Also at Doc Films (University of Chicago) this week: the new animated feature WINNIE THE POOH screens Saturday night and Sunday afternoon; the Kartemquin Films documentaries GOLUB and VIVA LA CAUSA show on Sunday at 7pm; and Zhao Hau's 2009 Chinese documentary TRANSITION PERIOD is Monday night at 7pm. 
Also at the Music Box this week is the rest of the Universal Horror series (see THE BLACK CAT above): IT CAME FROM OUTER SPACE, THE CREATURE FROM THE BLACK LAGOON, MURDERS IN THE RUE MORGUE, THE INVISIBLE MAN, THE INVISIBLE MAN RETURNS, CAPTIVE WILD WOMAN, THE WOLF MAN, DRACULA, THE MUMMY, FRANKENSTEIN, BRIDE OF FRANKENSTEIN, and ABBOTT AND COSTELLO MEET FRANKENSTEIN; also this week is Frank Tuttle's 1942 noir THIS GUN FOR HIRE and THE BLACK POWER MIXTAPE in the Saturday and Sunday matinee slots; Tom Six's THE HUMAN CENTIPEDE II (FULL SEQUENCE) on Saturday Midnight at 9:40pm daily; and Lucio Fulci's ZOMBIE on Friday and Saturday at Midnight. 
Block Cinema (Northwestern University) hosts an advance screening of Sean Durkin's new film MARTHA MARCY MAY MARELENE on Wednesday at 7pm.
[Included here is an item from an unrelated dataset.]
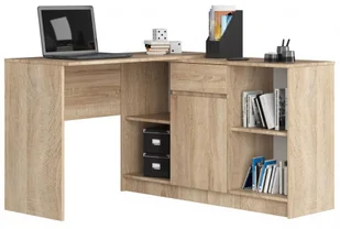 Jest to również komfortowy blat roboczy służący do sporządzania notatek, odrabiania lekcji lub innych obowiązków. Optymalne wymiary mebla zapewniają wygodną pozycję ciała oraz pozwalają na odpowiednie ułożenie nóg w przestrzeni pod blatem. Zaletą, która z pewnością Ci zaimponuje to półki, szafka i szuflada znajdujące się w komodzie dołączonej do biurka. Dzięki temu, że jest to dodatkowy element a nie nie jednoczęściowe biurko można umiejscowić komodę z lewej lub prawej strony w zależności od preferencji. Jest to obszar służący do uporządkowania i właściwej organizacji przestrzeni biurowej, która usprawni codzienną pracę lub naukę.

On Thursday at 7pm, it's Heather Courtney's new documentary WHERE SOLDIERS COME FROM, which will be followed by a panel discussion with director Heather Courtney; Brent E. Huffman, documentary filmmaker and NU assistant professor of journalism; Michael J. Allen, historian of war and politics in the twentieth-century and NU associate professor of history; and the film's co-editor and NU assistant professor of film production, Kyle Henry.        
Facets Cinémathèque opens the 28th Annual Chicago International Children's Film Festival on Friday at its own space and with selected screenings at selected other venues around town. Runs through October 30. 
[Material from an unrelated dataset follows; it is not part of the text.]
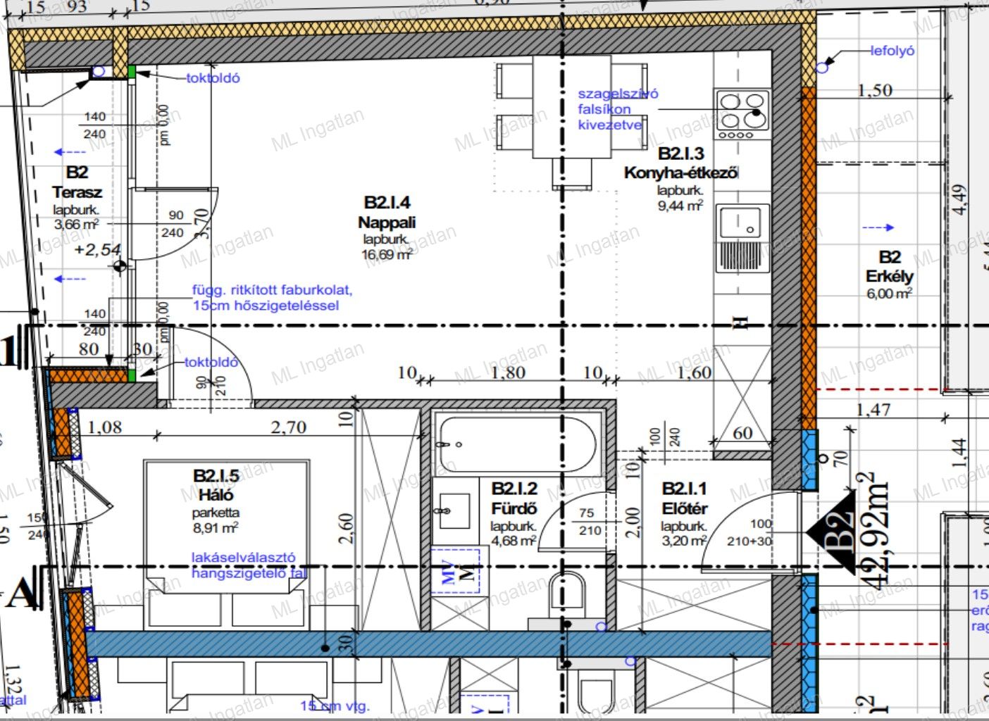 Téglaszerkezetű falazat, külső 15 cm-es hőszigeteléssel.

From Monday through next Friday, the Portage Theater presents Halloween Havoc 4 featuring Alfred Hitchcock's PSYCHO and FRENZY (Monday), John Carpenter's THE THING and William Peter Blatty's EXCORSIST III (Tuesday), Sam Raimi's ARMY OF DARKNESS and Tom Holland's CHILD'S PLAY (Wednesday), Joe Dante's GREMLINS and Michael Winner's THE SENTINEL (Thursday), and a quadruple feature on Friday, November 28: Erle C. Kenton's 1944 HOUSE OF FRANKENSTEIN, Fred Dekker's THE MONSTER SQUAD, Robert Wise's 1963 THE HAUNTING, and Rob Zombie's THE HOUSE OF 1000 CORPSES
The Chicago Cultural Center screens FLYING SAUCERS ROCK!, the video version of Rocktober Magazine author and publisher Jake Austin's new book Flying Saucers Rock 'n' Roll, on Tuesday at 6:30pm. The event features a reading by Austin from his book and a live performance by Milt Trenier and his band. 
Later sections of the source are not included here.